The cohort of patients were divided into three groups (Poor: top third; Intermediate: middle third; and Good: bottom third) based on CMPS or iCEMIGE score. The independent prognostic impact of different scores (CMPS and iCEMIGE) was assessed by multivariate CoxPH regression including the clinical factors (age, stage, ER, and PR status) and PAM50-based molecular subtype. All statistical analyses were performed through either SPSS 24.0 (IBM, NY, United States) or R (version 4.0.2, https://www.r-project.org/).
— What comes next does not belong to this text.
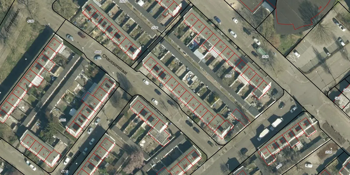 Het perceel waarop Chaussonstraat 16 staat heeft een oppervlakte van 3370 m². Dit is een zeer groot perceel. De perceeloppervlakte wordt geregistreerd door het Kadaster. Gedetailleerde informatie over de maten van dit perceel kunt u vinden in het rapport Kadastrale kaart met maatvoering van Chaussonstraat 16.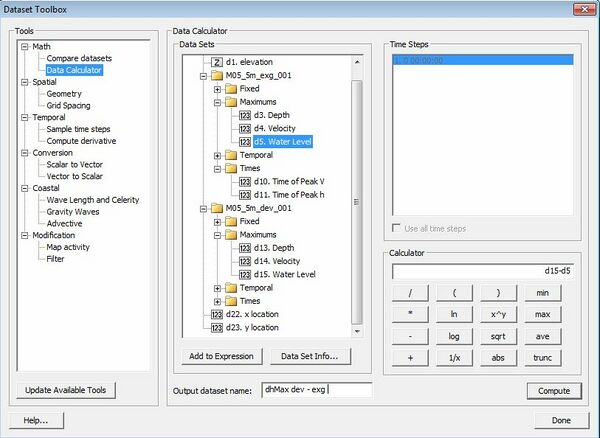 - In the data calculator dialogue double click on the maximum water level results for the developed case, then select the subtract operator and then add the maximum water level results for the existing case to the calculator expression. Give the Output Dataset an appropriate name (e.g. "dhMax dev - exg"). Press Compute to perform the calculation.

Graphic visualizations were generated by R (ggpubr package, Version 0.4.0; ggplot2 package, Version 3.3.3) or SPSS. The statistical significance was defined as p<0.05 (two-tails).

Identifying cellular morphometric biomarkers for prognosis of BC patients

Over 300 million cellular objects from 1085 diagnostic slides of 1017 TCGA-BRCA patients were recognized and delineated by an unsupervised feature learning pipeline based on SPSD[24]. Each cellular object was represented with 15 morphometric properties as described in our previous work[10].

Next, we optimized and trained our SPSD model based on pre-quantified cellular objects randomly selected from the TCGA-BRCA cohort to discover the underlying cellular morphometric biomarkers (CMBs). After training, the prebuilt SPSD model reconstructed each cellular object as a sparse combination of the pre-identified 256 cellular morphometric biomarkers, which led to the novel representation of every single cellular object as 256 sparse code (reconstruction coefficient); and thereafter, the corresponding 256-dimensional cellular morphometric context representation of each patient as an aggregation of all delineated cellular objects belonging to the same patient (Supplementary Table 1). The final patient-level cellular morphometric context representation consisted of 256 CMBs.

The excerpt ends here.